# Lucid Dreaming > Attaining Lucidity > Induction Techniques >  >  WILD Vs DEILD

## Shwaleti

Why would someone choose to try WILD over DEILD?
It seems to me that they are almost the exact same thing but you lose less sleep through DEILD.
Can anyone shed some light on this?

----------


## FatBox

Well a DEILD requires you to wake up and not move or open your eyes, which is pretty hard.
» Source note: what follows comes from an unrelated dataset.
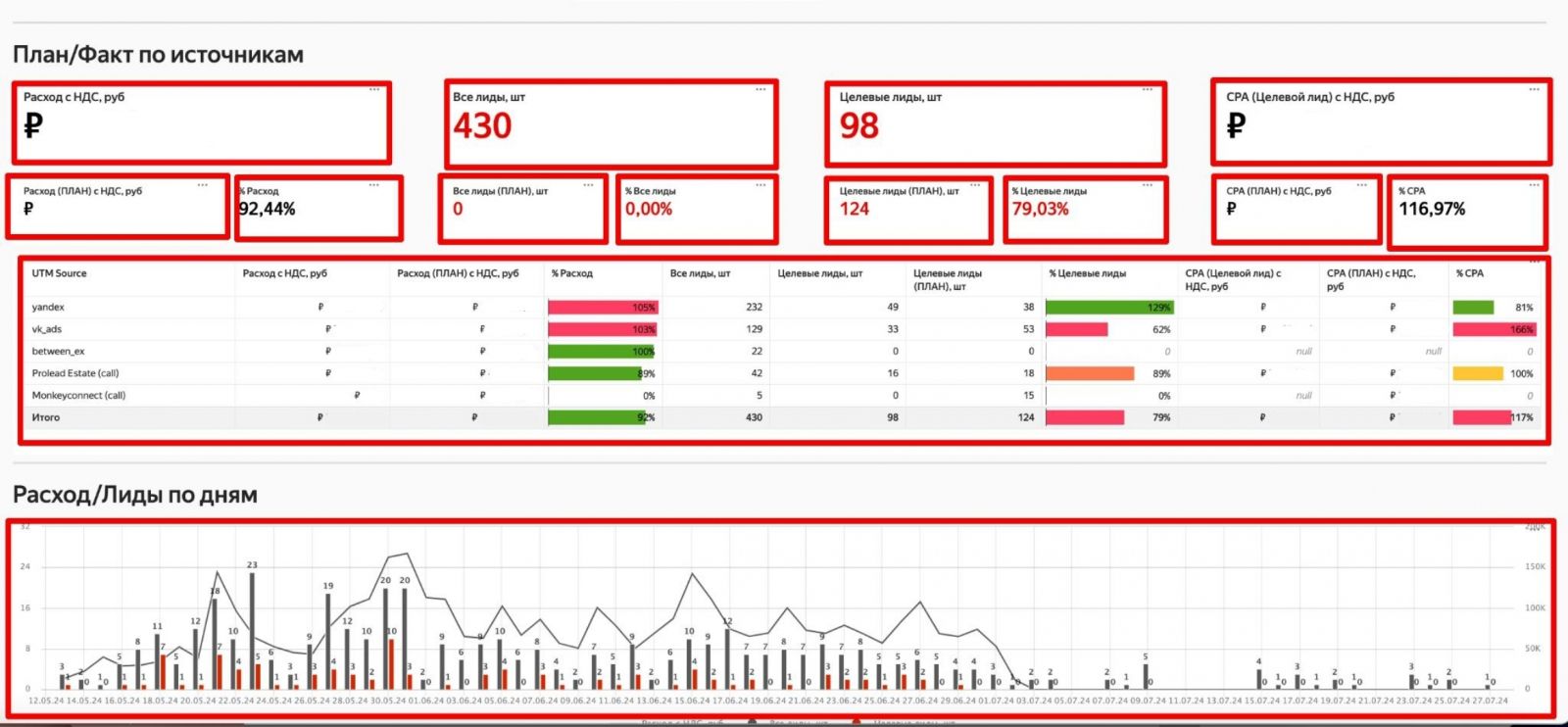 Отдел аналитики и топ-менеджмент AGM используют дашборды для стратегического анализа всего портфеля проектов. Эти инструменты позволяют не только оценивать текущую эффективность, но и строить прогнозы на основе исторических данных. Например, система дает возможность мгновенно сравнить среднюю стоимость целевого лида для бизнес-класса в Москве с аналогичным показателем для апартаментов в Ленинградской области, выявляя региональные особенности и рыночные тренды.

A WILD can still be performed after you've woken up and opened your eyes.

----------


## PercyLucid

DEILD is the way to go.  Specially if you chain a lucid into other one.  You can remind yourself to not move nor open your eyes.

With a mantra is very easy to remember to do it, yo do not even need an alarm   WILD is harder and requires loose of sleep.  DEILD had a 100% success rate for me and I got two of my major personal goals from DEILD.

You just need some decent recall for DEILD because you will chain two dreams, so you can't write the first dream down until you awake from your second (lucid) dream in the chain.

I even chained three dreams, triggering three lucids in a row.  The feelings for DEILD are awesome.  Its like an instant WILD without having to lay flat in bed for several several minutes.

BTW... you do not loose sleep with DEILD.  If you do not move nor open your eyes, sleep paralysis hits instantly, then vibrations and then back into the dream world.

----------